*SUPPLIED ENTRIES*.

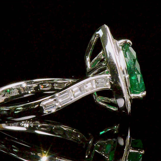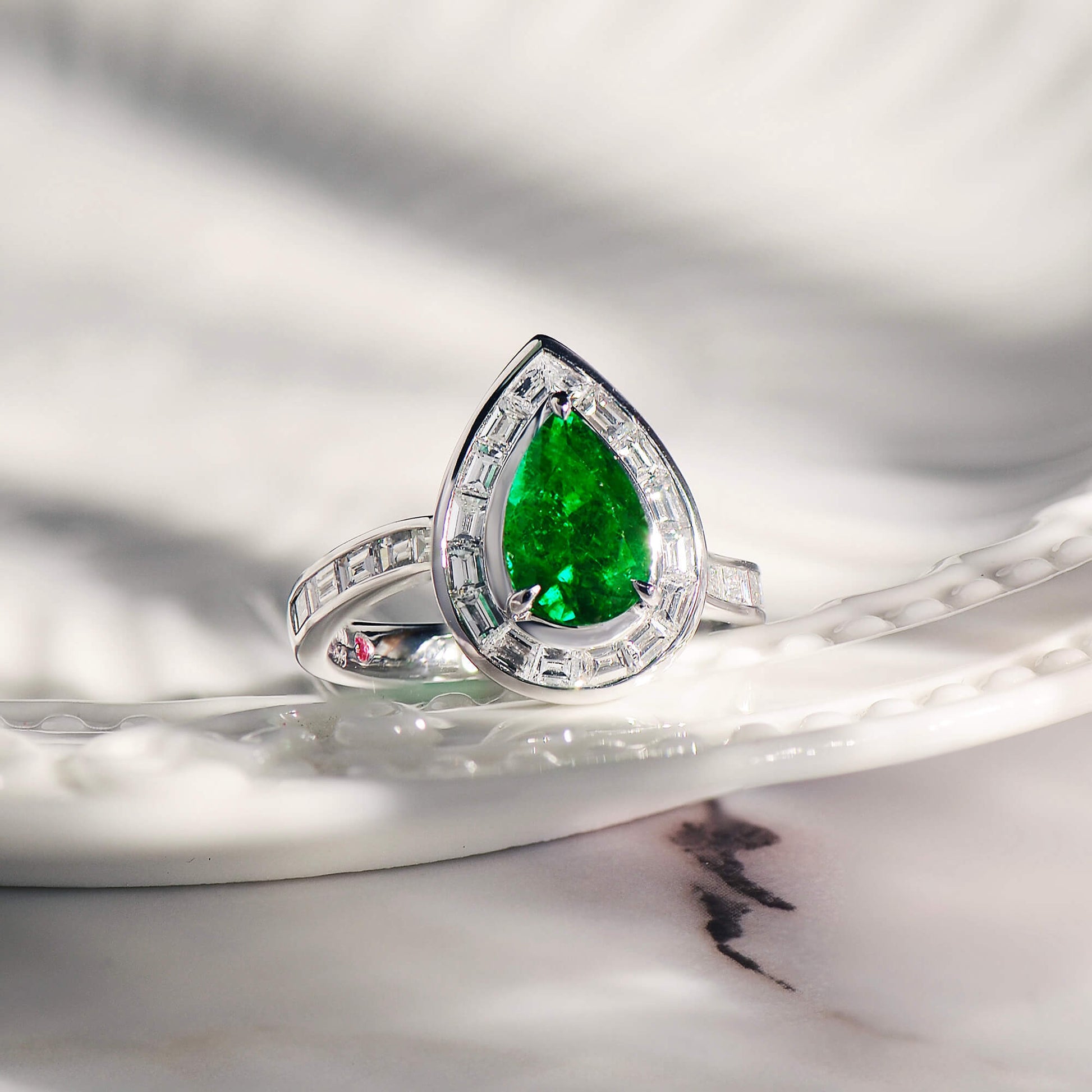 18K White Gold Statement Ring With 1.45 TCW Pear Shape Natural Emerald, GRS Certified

==

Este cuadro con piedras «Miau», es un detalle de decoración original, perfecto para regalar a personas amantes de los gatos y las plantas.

* * *

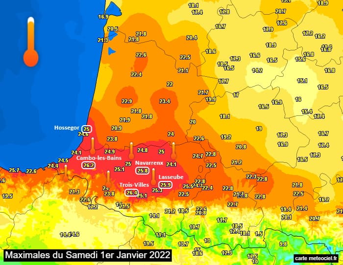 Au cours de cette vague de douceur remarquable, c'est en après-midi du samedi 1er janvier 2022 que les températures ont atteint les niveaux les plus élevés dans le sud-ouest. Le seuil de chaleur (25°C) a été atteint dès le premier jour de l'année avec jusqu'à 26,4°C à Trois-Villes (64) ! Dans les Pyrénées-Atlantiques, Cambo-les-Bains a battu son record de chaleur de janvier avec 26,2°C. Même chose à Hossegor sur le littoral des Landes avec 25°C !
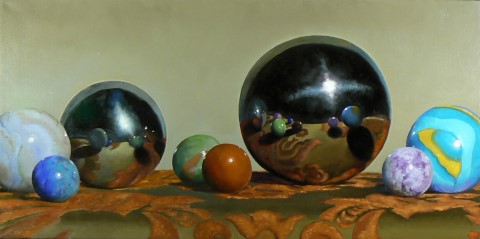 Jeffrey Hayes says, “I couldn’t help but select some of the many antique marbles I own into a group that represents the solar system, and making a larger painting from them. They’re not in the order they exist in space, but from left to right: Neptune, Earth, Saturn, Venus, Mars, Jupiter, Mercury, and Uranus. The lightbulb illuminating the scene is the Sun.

*TASK INSTRUCTIONS*. Within the listing above, the stretch from the line with "Au cours de" down to the line with "is the Sun." is to be given again exactly, end lines included and pictures excluded.

*EXERCISE SOLUTION*.
 Au cours de cette vague de douceur remarquable, c'est en après-midi du samedi 1er janvier 2022 que les températures ont atteint les niveaux les plus élevés dans le sud-ouest. Le seuil de chaleur (25°C) a été atteint dès le premier jour de l'année avec jusqu'à 26,4°C à Trois-Villes (64) ! Dans les Pyrénées-Atlantiques, Cambo-les-Bains a battu son record de chaleur de janvier avec 26,2°C. Même chose à Hossegor sur le littoral des Landes avec 25°C !
 Jeffrey Hayes says, “I couldn’t help but select some of the many antique marbles I own into a group that represents the solar system, and making a larger painting from them. They’re not in the order they exist in space, but from left to right: Neptune, Earth, Saturn, Venus, Mars, Jupiter, Mercury, and Uranus. The lightbulb illuminating the scene is the Sun.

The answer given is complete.